# Evaluate $\int_{0}^{\pi/2}\frac{x}{(a^2\cos^2x+b^2\sin^2x)}dx$

The question is to evaluate this definite integral: $$\int_{0}^{\pi/2}\frac{x}{(a^2\cos^2x+b^2\sin^2x)}dx$$

I know the definite integration with limits from $0$ to $\pi$, where we use the identity $\int_{a}^{b}f(x)dx = \int_{a}^{b}f(a+b-x)dx$, but it obviously cannot be used here. I also tried breaking the $0$ to $\pi$ one into two parts to no avail. Since the other one had such a simple solution, I can't wrap my head around this one, and would love some help!

• Integration by parts? Commented Mar 19, 2018 at 18:04
• Do you know uv integration? If you know try using it here. Commented Mar 19, 2018 at 18:04
• We can adopt the Feynman’s trick. The answer is $$\frac{1}{ab}\left( \frac{\pi^2}{8} + \chi_2\left(\frac{a-b}{a+b}\right)\right)$$ where $\chi_2$ is the Legendre chi function.

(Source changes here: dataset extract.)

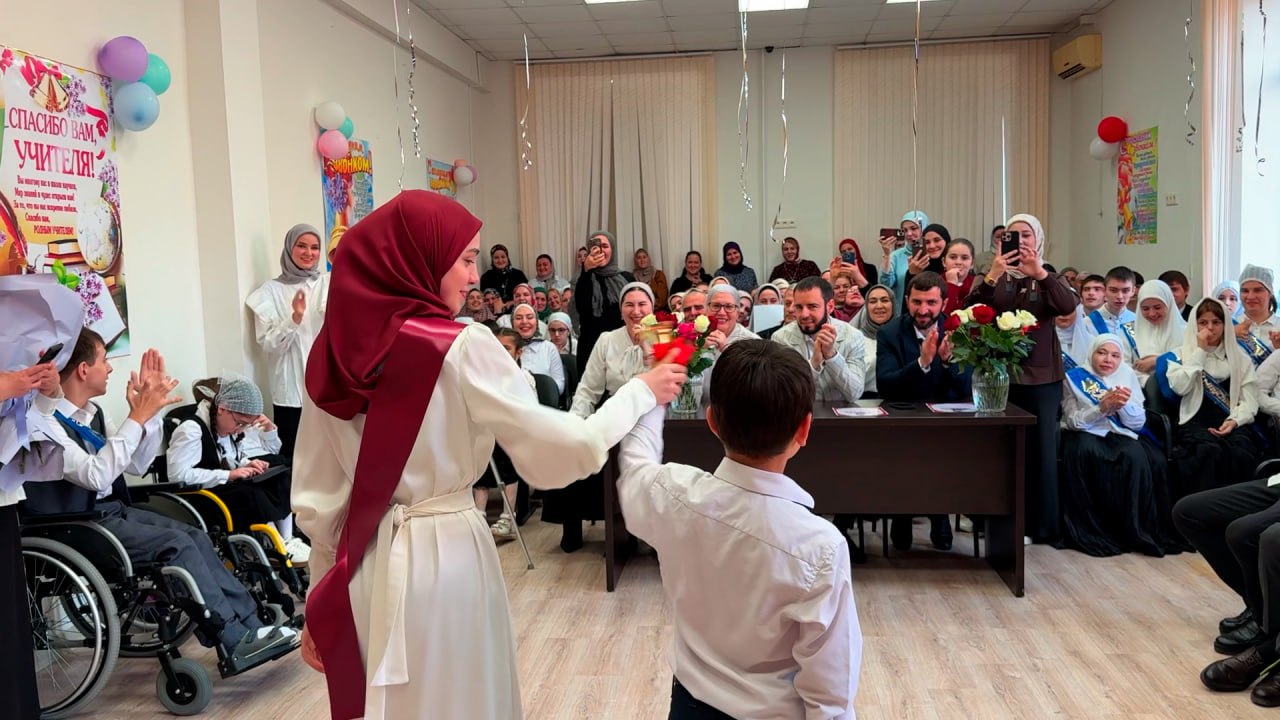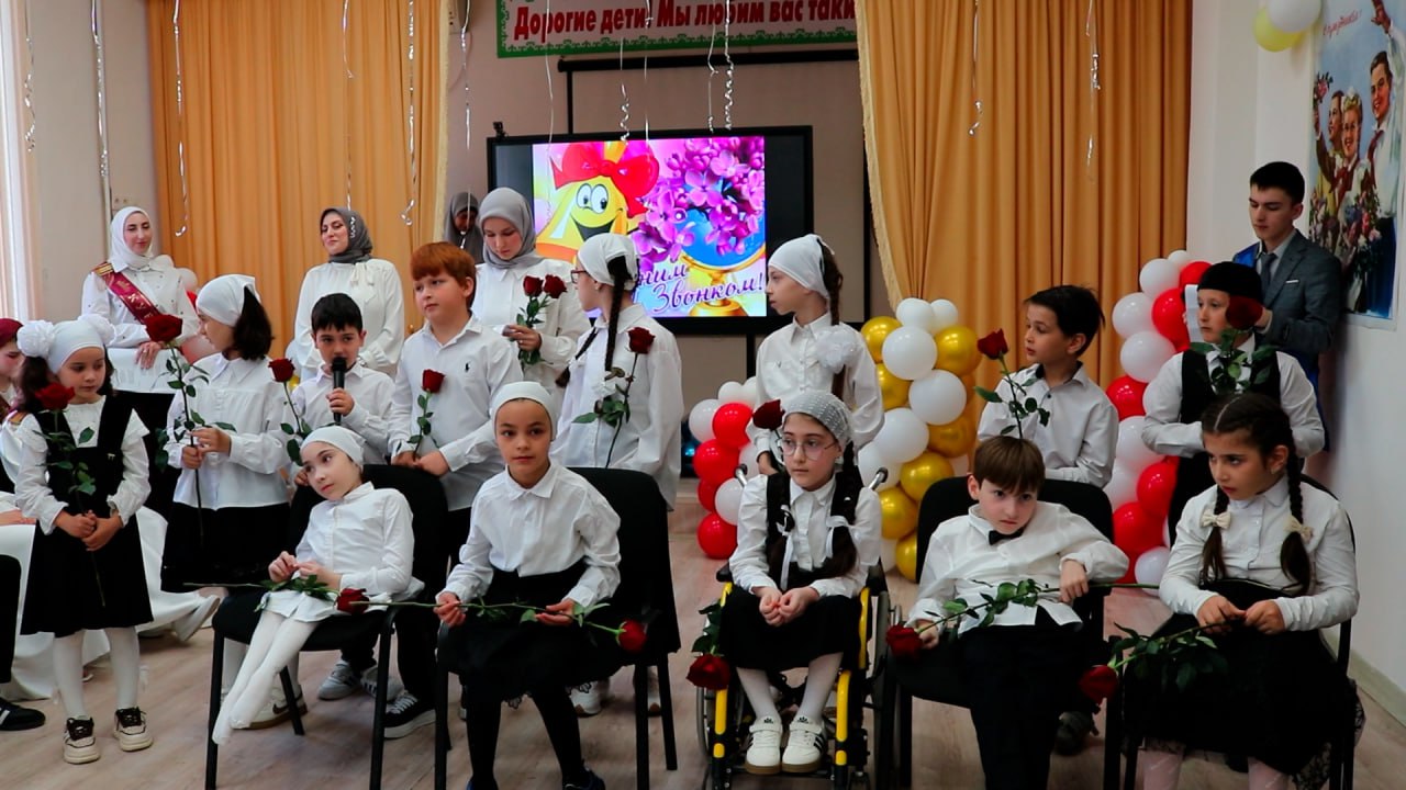 Почетное право дать последний звонок было предоставлено выпускнице одиннадцатого класса Седе Айсагуровой и первокласснику Ахмеду Идрисову.
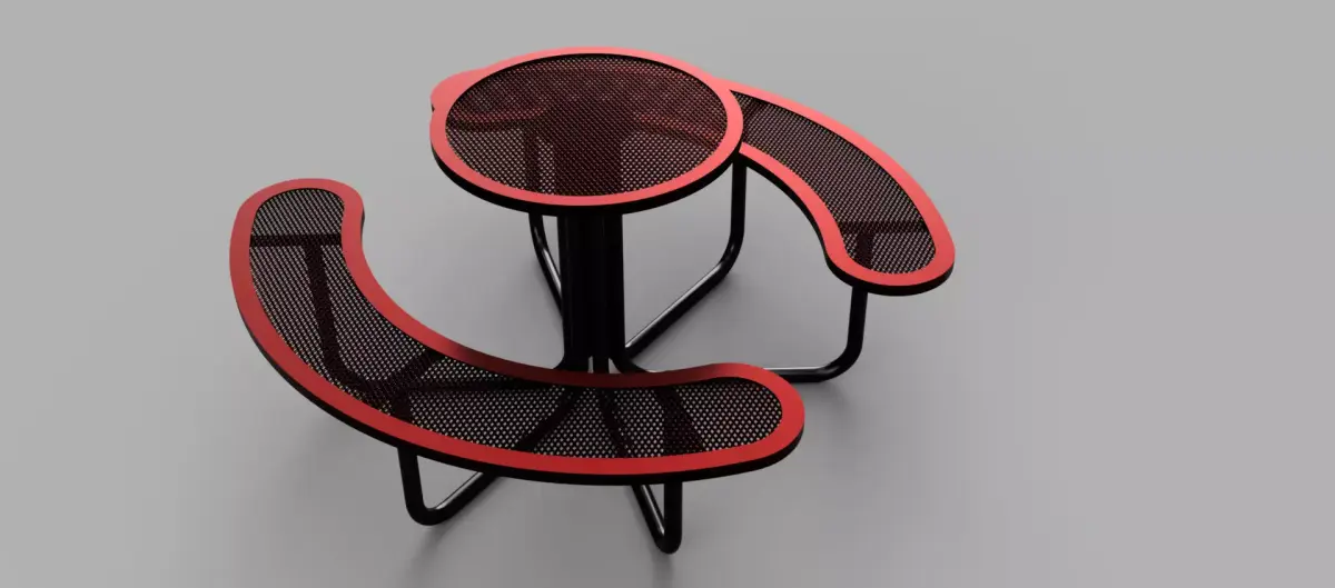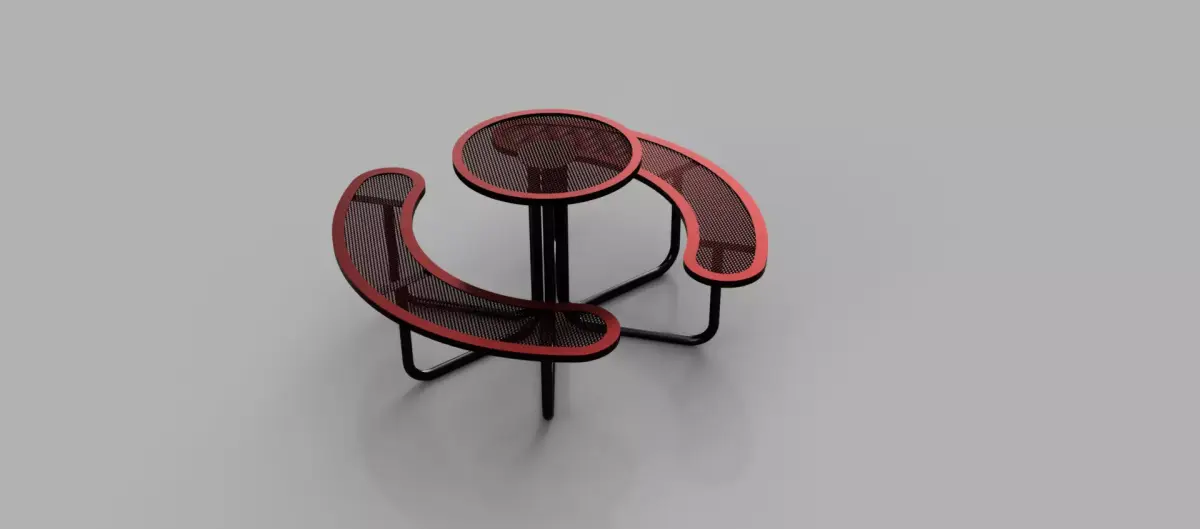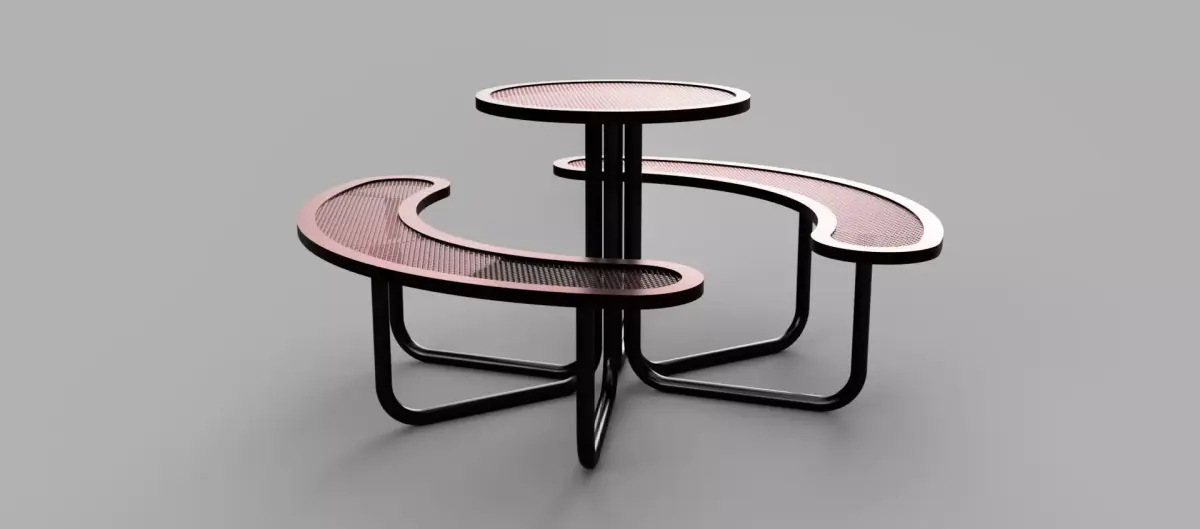 This model features a modern urban seating concept with perforated metal surfaces and smooth organic forms, making it ideal for public spaces and outdoor environments.

Commented Mar 19, 2018 at 20:38
• Set $z=e^{i \phi}$ $$I=\oint_{QC} dz \frac{4z\log(z)}{(z^4+1)(a^2+b^2)+2(a^2-b^2)z^2}$$ Cauchy integral formula (no singularities) $$(a^2+b^2)I=4\int_0^1dx\frac{\log(x)}{x^2+2cx+1}+4 i\int_0^1dx\frac{\log(x)+i\pi/2}{-x^2+2icx+1}$$ Partial fractions reduces this to standard integrals of the form $$\int_0^1\frac{\log(x)}{\zeta+x}$$ now the boring part begins.. Commented Mar 19, 2018 at 20:54

## 2 Answers

By enforcing the substitution $x=\arctan u$ we are left with

$$\mathcal{J}(a,b)=\int_{0}^{\pi/2}\frac{x}{a^2\cos^2 x+b^2\sin^2 x}=\int_{0}^{+\infty}\frac{\arctan u}{a^2+b^2 u^2}\,du$$ and for any $a,b,c>0$ $$\frac{d}{dc}\int_{0}^{+\infty}\frac{\arctan(c u)}{a^2+b^2 u^2}\,du = \int_{0}^{+\infty}\frac{u\,du}{(a^2+b^2 u^2)(1+c^2 u^2)}\stackrel{\text{PFD}}{=}\frac{\log(c)-\log(b)+\log(a)}{a^2 c^2-b^2}$$ such that $$\mathcal{J}(a,b)=\int_{0}^{1}\frac{\log(c)-\log(b)+\log(a)}{a^2 c^2-b^2}\,dc$$ is related to $\log$ and $\text{Li}_2$ as pointed out by Sangchul Lee and tired in the comments.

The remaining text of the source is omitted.